We will be using the SSD distance function for our examples to follow. Our matching technique and distance choices are really quite simple.

Brute Force Feature Matching

But what do you think might go wrong with our proposed nearest neighbor matching technique?

  • Let's look at our first case and see how our brute force matcher works in practice. Consider the feature inside the yellow bounding box.

  • For simplicity, this feature has a four-dimensional descriptor, which we'll call $f1$ .
  • Let's compute the distance between $f1$ and the first feature in the image 2 , which we'll label $f2$ . We get a sum of squared difference or SSD value of nine.
  • We then compute the distance between $f1$ and the second feature in image 2 , which we'll label $f3$ .
  • Here, we get an SSD of 652. We can now repeat this process for every other feature in the second image and find out that all the other distances are similarly large relative to the first one.

  • We therefore choose feature $f2$ to be our match as it has the lowest distance to $f1$ .
  • Visually, our brute force approach appears to be working. As humans, we can immediately see that feature $f1$ in the image is indeed the same point of interest as feature $f2$ in image 2 .

Now, let us consider a second case where our feature detector tries to match a feature from image one, for which there is no corresponding feature in image 2 .

  • Let's take a look at what the brute force approach will do when our feature detector encounters this situation.
  • Following the same procedure as before, we compute the $SSD$ between the descriptors of a feature $f1$ in image one, and all the features in image 2 .
  • Assume that $f2$ and $f3$ are the nearest neighbors of $f1$ and with $f2$ having the lowest score.
  • Although at 441, it is still rather dissimilar to the $f1$ feature descriptor from the original image.

As a result, $f2$ will be returned as our best match. Clearly, this is not correct. Because feature $f1$ is not the same point of interest as feature f2 in the scene.

So how can we solve this problem?

  • We can solve this problem by setting a distance threshold Delta on the acceptance of matches.

  • This means that any feature in image 2 with a distance greater than Delta to $f1$ , is not considered a match even if it has the minimum distance to $f1$ among all the features in image 2 .

Brute Force Feature Matching - Algorithm update

Now, let's update our brute force matcher algorithm with our threshold.

  • We usually define Delta empirically, as it depends on the application at hand and the descriptor we are using.

  • Once again, we define our distance function to quantify the similarity of two feature descriptors. We also fix a maximum distance threshold Delta for acceptable matches.

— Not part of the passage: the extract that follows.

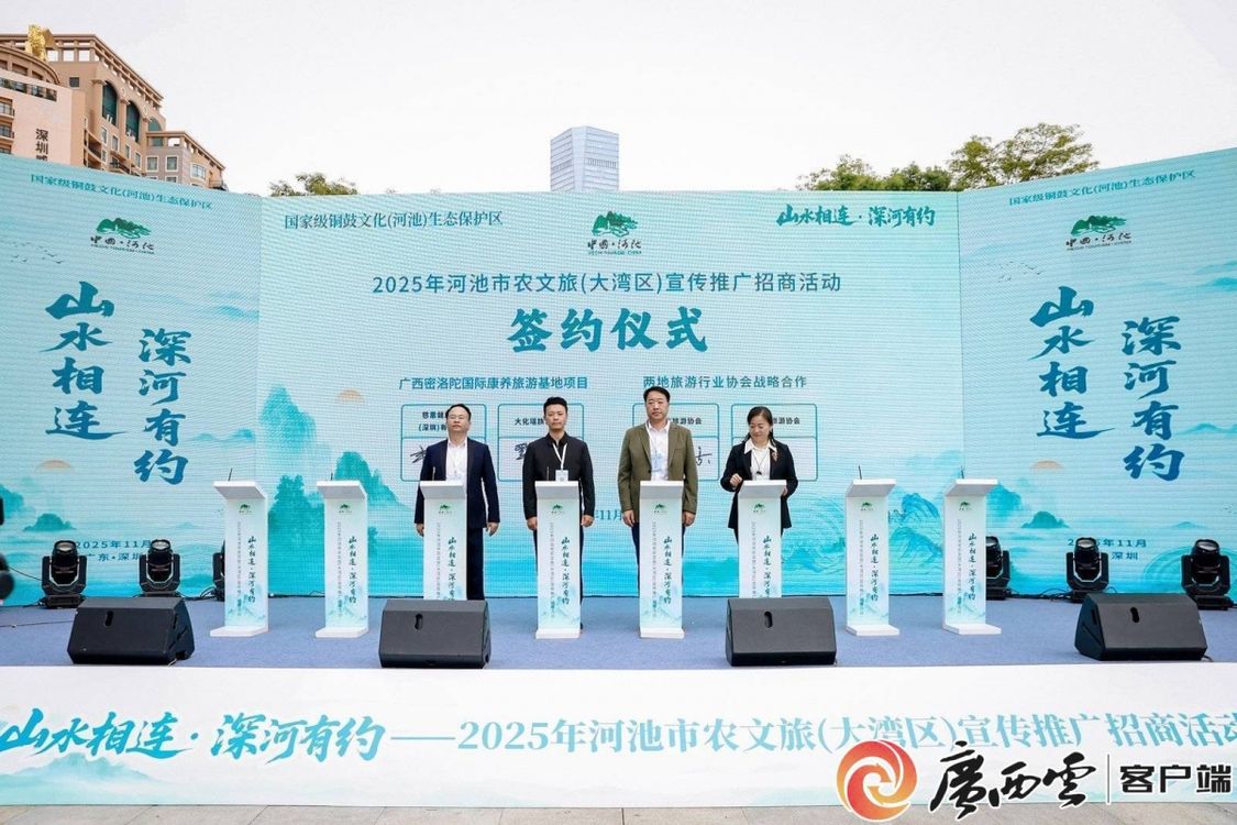 此次“山水相连·深河有约”2025年河池市农文旅(大湾区)宣传推广招商活动的成功举办,不仅搭建了河池与大湾区农文旅交流合作的新桥梁,也为推动两地资源共享、市场共建、客源互送奠定了坚实基础,将有力促进河池农文旅品牌在大湾区的知名度和美誉度提升,助力河池打造成为大湾区游客向往的生态康养、小众秘境和文化体验目的地。

  • Then, for every feature in image one, we compute the distance to each feature in image 2 and store the shortest distance or nearest neighbor as the most likely match.

Feature Matching

  • Brute force matching is suitable when the number of features we want to match is reasonable, but has quadratic computational complexity making it ill-suited as the number of features increases.
  • For large sets of features, special data structures such as k-d trees are used to enhance computation time.
  • Both brute force and k-d tree-based matchers are implemented as part of OpenCV, making them easy for you to try out.
  • Just follow the links shown at the bottom of this slide. As a reminder, you can download these lecture slides for your review.

Summary

  • By now, you should have a much better understanding of feature detection, description, and matching.
  • These 3 steps are required to use features for various self-driving applications, such as visual odometry and object detection.
  • Our brute force matcher is pretty deep, but still far from perfect.
  • We really need precise results to create safe and reliable self-driving car perception.

Supplementary Reading: Feature Matching

Lesson 3 Part 2: Feature Matching: Handling Ambiguity in Matching

We're almost ready to start applying feature detection, description, and matching to self-driving car perception.

Brute Force Feature Matching: Case 1

But first, let's review the two feature matching cases we discussed in the last lesson :

  • In the first case, we have a useful feature descriptor that clearly gives a small distance to the feature $f2$ and a large distance to other features in the second image.

  • In this case we can successfully identify the correct match to the feature f1 and image one.
  • Our brute force matching algorithm works well with this descriptor and as seamlessly capable of finding the right match in image 2 .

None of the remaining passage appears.